Cette fois-ci, c’est Courbet qui s’y colle. Comme vous pourrez le lire partout, Paris-Match publie une exclusivité « mondiale », ce qui est un tantinet mesquin : un tableau chiné par un amateur pour 1400 euros représenterait la tête de la femme peinte dans L’Origine du Monde, qui serait une partie d’une grande toile découpée. Nous vous laissons lire les péripéties de cette « enquête » ici, ou . Et nous vous renvoyons à l’article d’André Gunthert sur son blog de L’Atelier des Icônes pour lire le premier et l’un des rares, avec celui de Slate, à se montrer plus que dubitatif.
Le montage ne fonctionne évidemment pas, et André Gunthert l’explique clairement : « Dommage que le mouvement du buste, tourné vers la gauche, ou celui du drapé paraissent incompatibles avec la position de la jeune femme du portrait. Dommage que la pose envisagée par le croquis de Match soit d’une niaiserie difficilement conciliable avec le style de Courbet autant qu’avec le réalisme de “L’Origine”… ».
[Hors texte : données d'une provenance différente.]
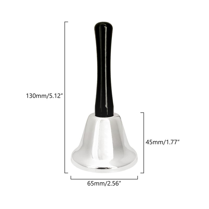 - Product includes 2 pack hand bell, 2.56" diameter, 5.12" height, silver bell, black handle, classic style.
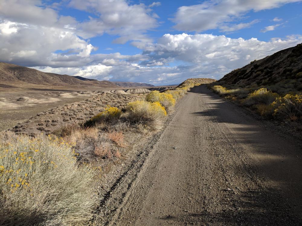 The trail begins in Wadsworth and follows along route 447 and Little Nixon rd. Half of the trail ride is spent on these roads while the other half diverts into the sagebrush. It is considered an easy to moderate trail due to washed out trail conditions and sandy areas. There are some slight elevation changes along the route as well as two fence stiles that must be climbed. Recommended bikes for this segment are mountain bikes, cyclocross bikes and gravel bikes.

Oui, tout cela est dommage, comme il est dommage que les conservateurs du Musée d’Orsay, sans doute tétanisés par l’enjeu et qui savent bien qu’il s’agit d’un scoop frelaté, ne veuillent pas le dire franchement sous prétexte qu’ils auraient « un devoir de réserve s’agissant d’œuvres en mains privées [1] ». Cela ne les empêche pas - et c’est heureux - de passer leur temps à publier ou à exposer des œuvres de collections particulières et on se demande ce que serait l’histoire de l’art s’ils appliquaient réellement ce principe.
Et comme il est dommage qu’un expert effectivement (pour une fois) reconnu de l’artiste puisse faire preuve d’une telle légèreté.

On aura beau comparer « l’écartement des poils du pinceau, la longueur des coups de brosse (sic) », tout cela ne fait pas une preuve, il faut d’abord regarder. Cette tête de femme n’a, selon toute vraisemblance, rien à voir avec L’Origine du Monde, ce qui n’empêche pas Paris-Match de lui accorder aujourd’hui (sans conditionnel) une valeur de 40 millions d’euros... « En matière d’art, les théories les plus fumeuses ne sont pas forcément les meilleures » lit-on dans leur article. On allait le dire.